WORCESTER ― The thing about turning points is that they don’t become obvious until somewhere down the road, often far down the road.
So the Railers won’t know if their 4-2 victory over the Adirondack Thunder here Friday night was a turning point in the season or just a stand-alone terrific game. Either way, it was one of Worcester’s best performances of the season, worth two important points versus a divisional opponent.
Those two points were not easy to get.
Adirondack goaltender Jeremy Brodeur, who entered the night with the best goals-against average in the league, was terrific. He stopped 37 of the 40 shots Worcester put on him and many of them were tough ones. Then, after Blade Jenkins broke a 1-1 tie midway through the third period, the Thunder tied it with 2:59 left on a bad-bounce goal off the backboards by Grant Jozefek.
Anthony Repaci put the Railers ahead for good at 19:20, however, and Andrei Bakanov hit an empty net with 15 seconds to go. Riley Piercey had the other Railers’ goal, his first as a professional. Tristan Ashbrook also scored for the Thunder.
“I couldn’t be more proud of the guys,” coach Jordan Smotherman said. “The only message going into this game was to stay disciplined no matter what happened.”

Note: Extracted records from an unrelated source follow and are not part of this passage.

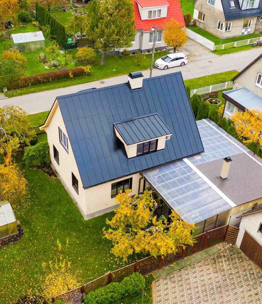 Un techo de metal con junta alzada es un tipo de sistema de techo que consta de paneles verticales largos con costuras elevadas que se entrelazan para crear un sello impermeable. Este tipo de techo se utiliza a menudo en edificios comerciales e industriales, así como en edificios residenciales.
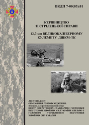 [Uk] Командування підготовки КСВ ЗСУ. Військова керівна деталізована публікація по 12,7-мм великокаліберному кулемету ДШКМ-ТК (далі – Керівництво) містить призначення, опис кулемету та його складових, боєприпасів, прийоми і правила стрільби з нього, в різних умовах обстановки, а також необхідні довідкові дані. Це Керівництво розроблено в Центрі оперативних стандартів і методики підготовки Збройних Сил України спільно з волонтерською групою Романа Доника в співавторстві Дмитра Борцова та погоджено з відповідними управліннями (відділами) Командуваннями Збройних Сил України.
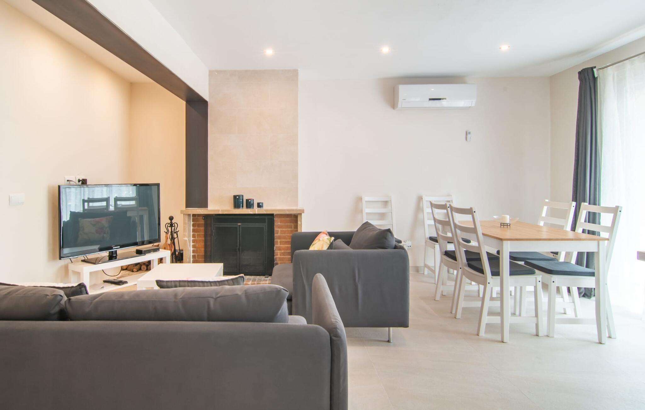„Pare Vives“ überzeugt auf ganzer Linie – auch im Hinblick auf die Inneneinrichtung. Dieses hübsche Ferienhaus wurde mit viel Geschmack und Liebe zum Detail gestaltet. Die gelungene Mischung aus Alt und Moderne strahlt eine angenehm heimelige Leichtigkeit aus, in der man sich sofort heimisch und wohl fühlen kann. Dank vieler Fenster, leuchtender Farben und geschickt platzierter Deckenbeleuchtung ist es überall schön hell. Dazwischen finden Sie rustikale Natursteinmauern, die dem Haus einen typisch mallorquinischen Touch verleihen. Im Erdgeschoss finden Sie das gemütliche Wohn- und Esszimmer, wo Sie sich rund um den gemütlichen Kamin versammeln können. Die offene Küche ist nur wenige Schritte entfernt – so gibt es mit vollem Tablett keine langen Wege vom Herd bis zum Tisch. Zwei Doppelschlafzimmer und zwei Badezimmer, eines davon en suite, runden das Wohnangebot auf dieser Etage ab, ein weiteres schönes Doppelschlafzimmer ist über die schicke offene Treppe zu erreichen.
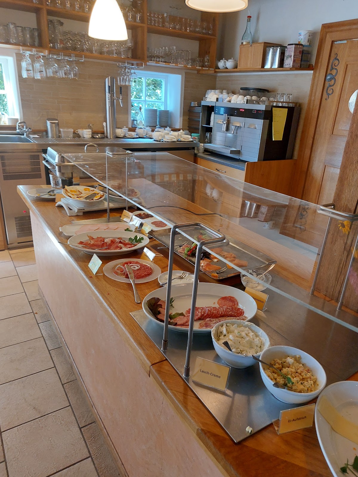 Wir haben hier mit einem reichhaltigen und qualitätsvollen Frühstücksbuffet eine sehr schöne Familien Feier gefeiert. Alle - 11 Monate bis 79 Jahre - wurden liebevoll und kompetent bedient. Das Ambiente ist auch sehr schön, dem alten Hof entsprechend und dankenswerterweise nicht überladen dekoriert. Vielen Dank für den schönen Tag, jederzeit wieder!!!

The victory snapped a three-game losing streak for the Railers. It also snapped a scoring slump for Repaci, who had not gotten a point of any kind in three games since returning from the injured list and did not score on nine shots in Worcester’s last game
His go-ahead goal was unassisted. Repaci sped down the right wing with Jenkins coming down the left side. He used his teammate as a decoy and drilled a wrist shot just inside the far post.
“When you have that many chances,” Repaci said, “you want to see some of them going in. It can feel a little uneasy, but you just can’t let yourself get frustrated. It’s not beneficial for myself or the team.”

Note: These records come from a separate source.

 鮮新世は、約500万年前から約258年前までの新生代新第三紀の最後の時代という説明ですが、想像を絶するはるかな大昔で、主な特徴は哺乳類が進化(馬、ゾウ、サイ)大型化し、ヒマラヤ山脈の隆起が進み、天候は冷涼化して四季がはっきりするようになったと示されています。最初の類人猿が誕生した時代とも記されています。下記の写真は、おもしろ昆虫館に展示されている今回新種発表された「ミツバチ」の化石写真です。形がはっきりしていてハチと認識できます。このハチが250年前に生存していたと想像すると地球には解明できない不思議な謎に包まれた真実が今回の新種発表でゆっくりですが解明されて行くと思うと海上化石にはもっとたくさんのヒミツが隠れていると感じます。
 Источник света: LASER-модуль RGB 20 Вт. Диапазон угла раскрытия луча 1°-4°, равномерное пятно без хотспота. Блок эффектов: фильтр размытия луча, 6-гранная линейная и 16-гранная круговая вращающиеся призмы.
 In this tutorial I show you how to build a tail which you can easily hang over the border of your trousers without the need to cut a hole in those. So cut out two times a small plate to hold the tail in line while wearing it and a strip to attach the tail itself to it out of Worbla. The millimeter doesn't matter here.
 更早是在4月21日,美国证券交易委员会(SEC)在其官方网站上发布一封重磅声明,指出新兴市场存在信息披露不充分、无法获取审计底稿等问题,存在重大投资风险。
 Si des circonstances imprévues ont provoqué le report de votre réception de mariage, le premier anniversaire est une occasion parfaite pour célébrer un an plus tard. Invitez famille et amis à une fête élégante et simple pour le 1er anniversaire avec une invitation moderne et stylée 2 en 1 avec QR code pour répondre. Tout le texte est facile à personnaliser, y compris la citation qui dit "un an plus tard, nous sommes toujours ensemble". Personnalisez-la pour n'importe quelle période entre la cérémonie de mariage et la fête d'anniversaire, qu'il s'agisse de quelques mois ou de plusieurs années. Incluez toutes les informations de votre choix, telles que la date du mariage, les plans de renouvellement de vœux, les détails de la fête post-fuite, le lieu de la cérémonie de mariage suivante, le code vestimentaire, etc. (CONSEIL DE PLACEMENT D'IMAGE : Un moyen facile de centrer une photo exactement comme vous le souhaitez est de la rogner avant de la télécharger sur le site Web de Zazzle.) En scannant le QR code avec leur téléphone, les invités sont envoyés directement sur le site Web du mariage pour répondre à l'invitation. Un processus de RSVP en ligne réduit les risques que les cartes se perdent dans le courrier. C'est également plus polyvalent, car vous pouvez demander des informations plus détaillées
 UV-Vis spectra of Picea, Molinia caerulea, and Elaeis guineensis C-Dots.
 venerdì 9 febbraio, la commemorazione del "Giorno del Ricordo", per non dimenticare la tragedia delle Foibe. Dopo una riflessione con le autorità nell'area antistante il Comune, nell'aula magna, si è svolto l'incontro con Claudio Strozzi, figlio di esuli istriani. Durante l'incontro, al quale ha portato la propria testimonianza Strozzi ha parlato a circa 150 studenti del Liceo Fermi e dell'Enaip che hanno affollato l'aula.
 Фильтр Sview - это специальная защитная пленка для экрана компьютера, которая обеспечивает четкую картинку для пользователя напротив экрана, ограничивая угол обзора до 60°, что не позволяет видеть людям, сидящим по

The shots on goal totals reflected the nature of the game. The Railers dominated, and to lose — or even go into overtime — would have inflicted some sort of emotional wound. They did not let that happen, though.
“If we go through the 20 games we’ve played this year I think there’s only one game where we had a letdown, and it was out of reach by then anyway,” Smotherman said. “Other than that one moment this team will never let down. This is something we can build on”
Ashbrook gave the Thunder a 1-0 lead at 9:31 of the first period, then Piercey tied it at 19:11. Keeghan Howdeshell flipped a high pass into the low slot from the right wing and Piercey directed it home from knee-high.
“His game has been starting to show itself more and more,” Smotherman said of the 21-year-old. “He’s gaining confidence.”
It was a 1-1 game more than halfway into the third period. Jenkins made it 2-1 at 10:56 with a post-and-in wrist shot from the left circle. Goalie Henrik Tikkanen picked up his second Railers assist on the play as he spotted Jenkins behind the defense and scaled the puck around the boards to him.
The way Brodeur had been playing, Jenkins had to make a perfect shot. He did, then so did Repaci, and the two goals led to two points.